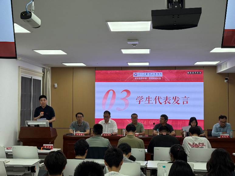 在朋辈引领环节,22级基地班周子杰作为即将赴海外学习的学生代表发言。他深情回顾了黄色仓库 多年的悉心栽培,表示将不负期望,潜心研学,以学报国。
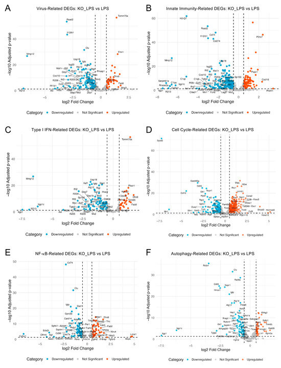 Targeted transcriptional profiling of functional gene sets in KO_LPS vs. LPS. (A–F) Volcano plots display differentially expressed genes from selected functional categories enriched in the KO_LPS vs. LPS comparison. Virus- (A), innate immunity- (B), type I interferon- (C), cell cycle- (D), NF-κB- (E), and autophagy-related (F) DEGs are shown. Gene sets were defined based on GO BP terms. Top 50 DEGs (padj < 0.05), ranked by log2fc are labeled.
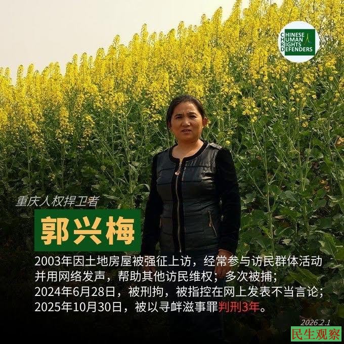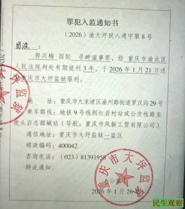 据家属消息,郭兴梅已于2026年1月21日,从渝北看守所送入重庆市大坪监狱服刑。地址:重庆市九龙坡区渝州路街道罗汉沟29号。
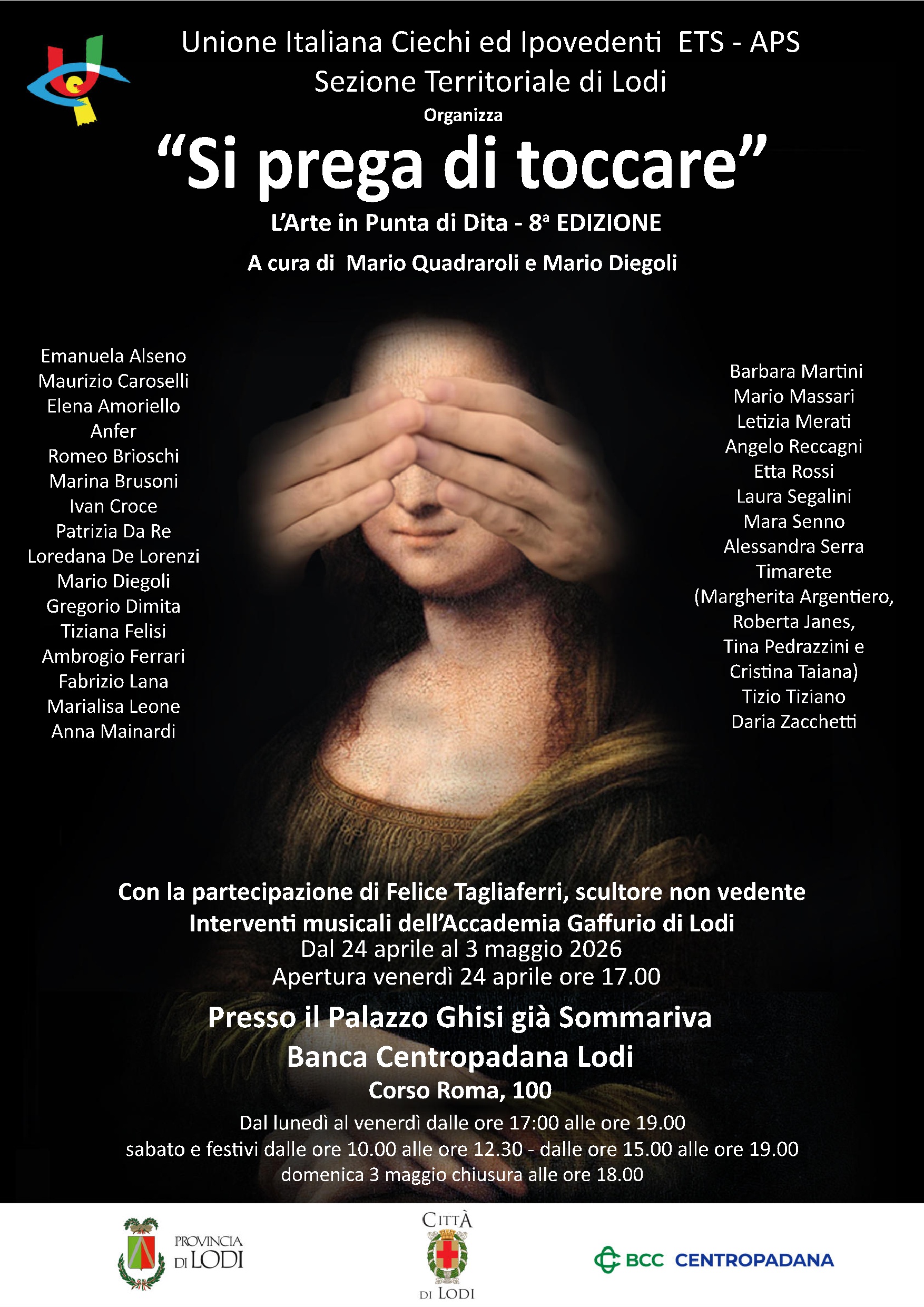 Come tradizione alla fine di aprile la sezione lodigiana dell’Unione Italiana Ciechi e Ipovedenti organizza la mostra “Si prega di toccare”, un evento giunto quest’anno all’ottava edizione e che richiama sempre centinaia di visitatori, anche dalla provincia.

[PROMPT] Your answer must contain the full data, repeated exactly, without pictures.

[EXERCISE ANSWER]
 在朋辈引领环节,22级基地班周子杰作为即将赴海外学习的学生代表发言。他深情回顾了黄色仓库 多年的悉心栽培,表示将不负期望,潜心研学,以学报国。
 Targeted transcriptional profiling of functional gene sets in KO_LPS vs. LPS. (A–F) Volcano plots display differentially expressed genes from selected functional categories enriched in the KO_LPS vs. LPS comparison. Virus- (A), innate immunity- (B), type I interferon- (C), cell cycle- (D), NF-κB- (E), and autophagy-related (F) DEGs are shown. Gene sets were defined based on GO BP terms. Top 50 DEGs (padj < 0.05), ranked by log2fc are labeled.
 据家属消息,郭兴梅已于2026年1月21日,从渝北看守所送入重庆市大坪监狱服刑。地址:重庆市九龙坡区渝州路街道罗汉沟29号。
 Come tradizione alla fine di aprile la sezione lodigiana dell’Unione Italiana Ciechi e Ipovedenti organizza la mostra “Si prega di toccare”, un evento giunto quest’anno all’ottava edizione e che richiama sempre centinaia di visitatori, anche dalla provincia.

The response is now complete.